Джулиан в очередной раз поднес перо к началу третьей строки и приготовился писать. Ничего не произошло. У Джулиана появилось чувство, что вместо ручки он держит копье, готовое сорваться и пронзить врага.

Он затянулся так глубоко, что огонь съел почти половину сигареты. Успокоившись, он понял, что эпическая поэма появляется на свет совсем не так. Сначала нужно подготовиться.

С чего начать? С главных героев? В таком случае, каким будет их окружение? Какова будет их судьба? У Джулиана не было идей.

Идей не было, но его мозг продолжал работать, искать пути и наконец нащупал выход. Почему бы не начать с исследования? Собрать все необходимые данные. Возможно, они помогут найти путь, по которому будет развиваться история. Таким образом, природа и искусство выступят совместно. Джулиан выпрямился в большом возбуждении: был ли он создателем совершенно новой формы, живой поэмы, в которой природа и искусство объединялись в режиме реального времени? Может, это будет живой роман? Спокойнее, спокойнее. Но он не мог успокоиться, а сигарета уже закончилась. Он зажег вторую, а еще даже не рассвело. Возможно, пришло время изменить несколько правил.

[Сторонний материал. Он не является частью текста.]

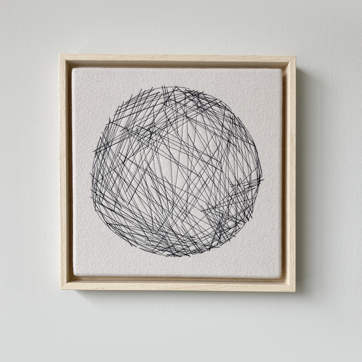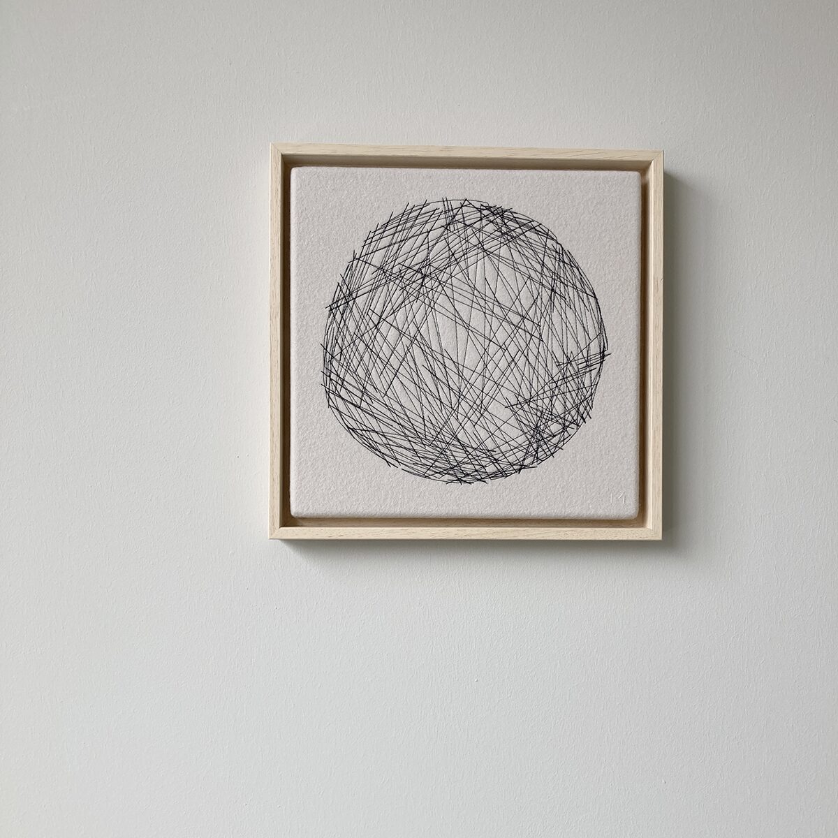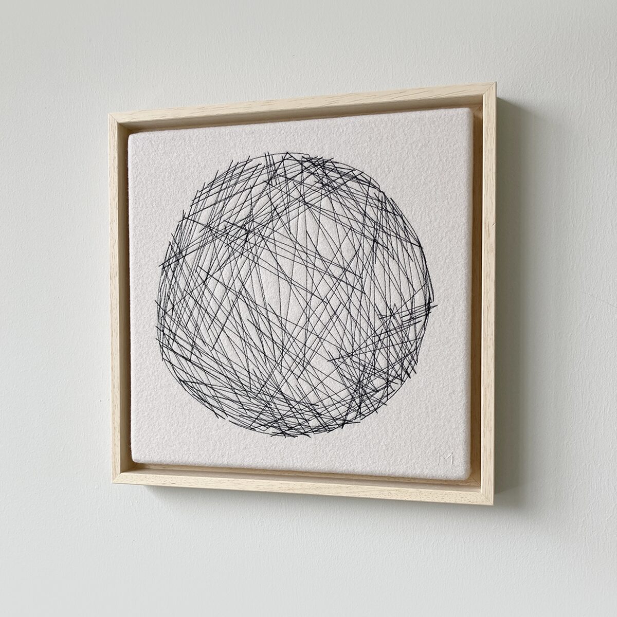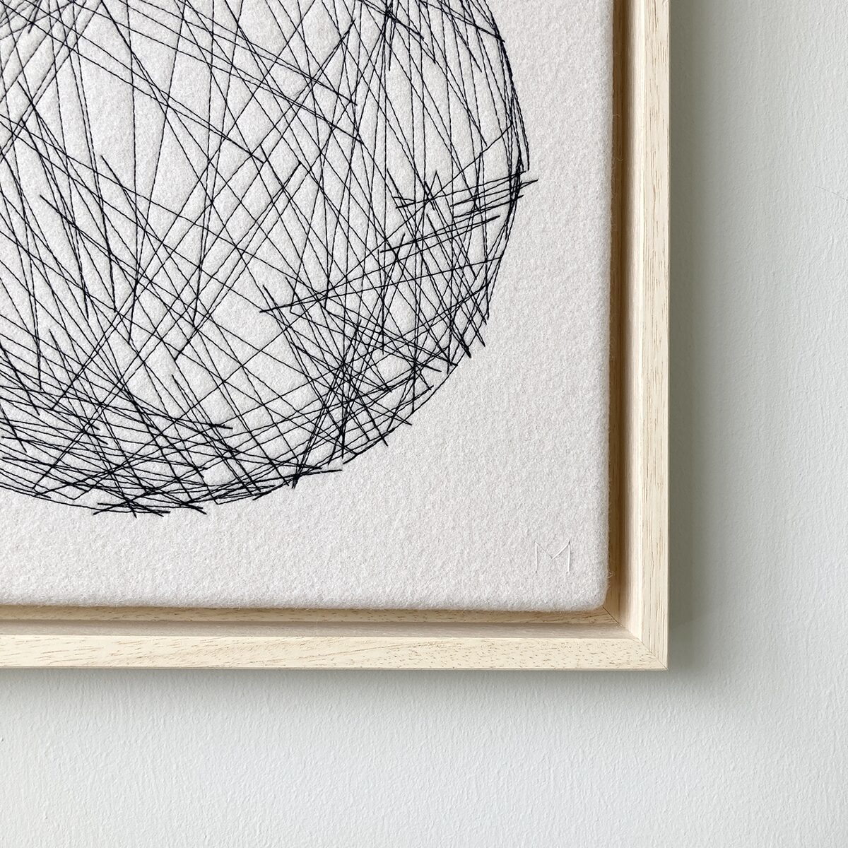 L​ittle Sun is made of off white stretched fabric over which a pattern is stitched with a sewing machine. Because the stitching is hand-embroidered, each ​Little Sun is unique.

Данные. Для начала нужно составить наброски главных героев. В очередной раз Джулиан поднес ручку к бумаге. На этот раз он начал писать. На четырех чистых листах бумаги он написал: «Скотт», «Линда», «Брэндон», «Руби». Что делать с Зиппи? Мысль позабавила Джулиана. Он улыбнулся сам себе.

Но тут же, поняв, что чуть было не сделал серьезную ошибку — невыносимо ошибиться в самом начале эксперимента, — он перестал улыбаться. Затем открыл пятый лист и написал еще одно слово: «Адам».

12

— Ну почему вы меня все время заставляете что-то делать? Отойди от моей кровати!

Брэндон уткнулся в подушку, пытаясь сохранить остатки сна: странная комната Триш, постель и девушка… Уитни.

— Когда ты наконец начнешь вести себя, как все ребята твоего возраста? — спросил отец.

Кап-кап — вода капала с бритвы на пол. От него ждали ответа, или это был один из тех вопросов, которые добивались какого-то там эффекта? Брэндон был слишком сонным, чтобы вспоминать научное название. Не важно. Он все равно слишком устал, чтобы говорить. Еще никогда Брэндон не чувствовал себя таким уставшим, просто как выжатый лимон. Горло и голова болели, уши…

— Подъем, подъем, подъем.

Голос становился все громче и громче. Еще чуть-чуть, и отец сорвет голос. «Давай, ори». — Брэндон не мог заставить себя пошевелиться. Он чувствовал свое дыхание: изо рта пахло отвратительно. К тому же трусы спереди были липкими и мокрыми. Что за черт? Он не мог вспомнить ни одной детали сна с Уитни в комнате Триш.

Из холла послышался мамин голос:

— Он еще не встал?

— Пытаюсь его разбудить.

Тишина. Может, отец ушел, решив: ну и ладно, бедный ребенок хочет выспаться. Тело расслабилось, Брэндон опять начал засыпать.

— Эй, — отец был все еще в комнате и как-то подозрительно близко, — а это что такое?